For $27.5 million you can own a valuable memento of a dark period of recent American history. The jet above is currently for sale in Dallas, Texas. The Boeing 737 business jet seats up to 16 passengers and includes one queen and two single beds, a lounge bar, and three built-in 42-inch TV screens. The jet’s listing does not mention, however, that in its former career, it was part of the Central Intelligence Agency’s extraordinary rendition program, transporting “high-value” terrorism detainees around the globe to “black sites” where they faced “enhanced” interrogation techniques.

The jet’s history can be pieced together from news clippings, human rights reports, and Federal Aviation Administration documents. In 2006, the Chicago Tribune reported on a specially modified 737 with the tail number N313P, which had been observed flying between the Middle East, Europe, and the United States. The paper linked the jet back to the CIA through a series of front companies around Washington, D.C. One of those companies was Premier Executive Transport Services, which had taken ownership of the new plane in May 2002. The Washington Post found that the names of 325 people ostensibly affiliated with this shadowy company could be traced back to five Beltway-area P.O. boxes. When reporters searched for some of those names in public databases, what little they could turn up was a bit spooky: “Although most names were attached to dates of birth in the 1940s, ’50s or ’60s, all were given Social Security numbers between 1998 and 2003.”

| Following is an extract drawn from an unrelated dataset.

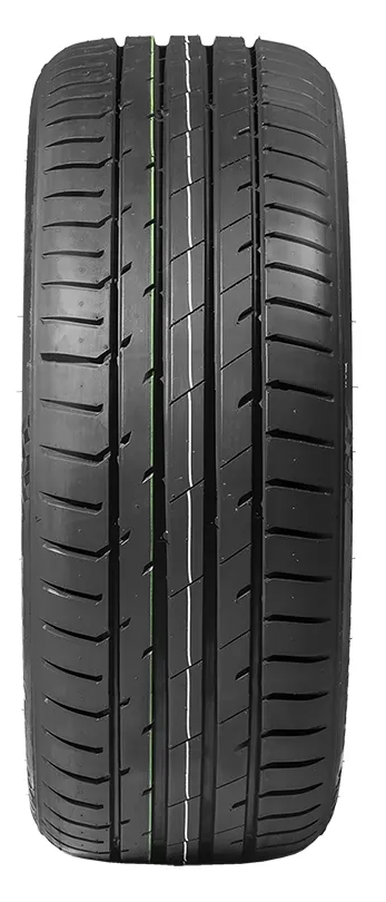 Delinte DS7 Sport используется в наиболее мощных модификациях легковых автомобилей. Относится к моделям категории UHP, отличаясь способностью сохранять эффективность при больших скоростях. В движении характеризуется молниеносностью в реакциях на действия водителя, курсовой устойчивостью при маневрировании и коротким путем замедления на мокрой поверхности. Протекторный рисунок отличает массивность образующих его элементов. В центральной части таковыми являются широкие продольные ребра. Они повышают курсовую устойчивость на прямых, уменьшают износ и сопротивление качению. Плечевые зоны представляют собой массивные развернутые поперек блоки, жестко соединенные между собой перемычками. Эти элементы повышают точность управления и стабильность сцепных свойств при маневрировании и торможении. Эффективность работы протектора на мокрой поверхности обеспечивается за счет значительной пропускной способности продольных дренажных канавок в центральной части.

During its time with CIA-linked companies, N313P flew all around the world, landing in spots like Morocco, Afghanistan, Libya, Uzbekistan, and Guantanamo Bay. In September 2003, it touched down at a remote airport in Poland. As the Tribune later suggested, this trip may have had something to do with the Polish intelligence complex in Stare Kiejkuty, which the European Court of Human Rights later found housed a secret CIA site. Before the release of the Senate intelligence committee’s 2014 report on the CIA’s post-9/11 detention and interrogation program, the Washington Post reported that American intelligence officers had probably abused and tortured detainees at the black site at Stare Kiejkuty. N313P landed near Stare Kiejkuty at least once.

In 2004, the aircraft carried the “shackled and hooded” Binyam Mohamed, an Ethiopian who was held in Guantanamo from 2004 until 2009. A few days later, the jet is also believed to have transported Khaled al-Masri, a Lebanese-born German citizen who was held in an American-run prison in Afghanistan for five months. Al-Masri, who claims he was shackled, drugged, and beaten in captivity, was released after his captors told him they’d gotten the wrong man.

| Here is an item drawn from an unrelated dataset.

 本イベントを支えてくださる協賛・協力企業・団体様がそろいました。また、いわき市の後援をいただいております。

That same year, as reported by the Guardian, Fatima Bouchar and her husband, Abdel-Hakim Belhaj, were abducted by three Americans in Bangkok, Thailand, forced aboard the aircraft. The couple had fought against Libyan dictator Moammar Qaddafi during the 1980s and 1990s, and according to a Human Rights Watch investigation, their rendition back to Libya had been brokered in a deal between the CIA, British intelligence, and the Qaddafi regime for “mutual benefit.” During the 17-hour journey to Tripoli, Bouchar, who was four months pregnant, was bound to a stretcher and wrapped head-to-foot in tape. Belhaj was shackled in a painful stress position for the flight’s duration. Bouchar spent four months in detention in Libya. Belhaj remained in prison there until 2010.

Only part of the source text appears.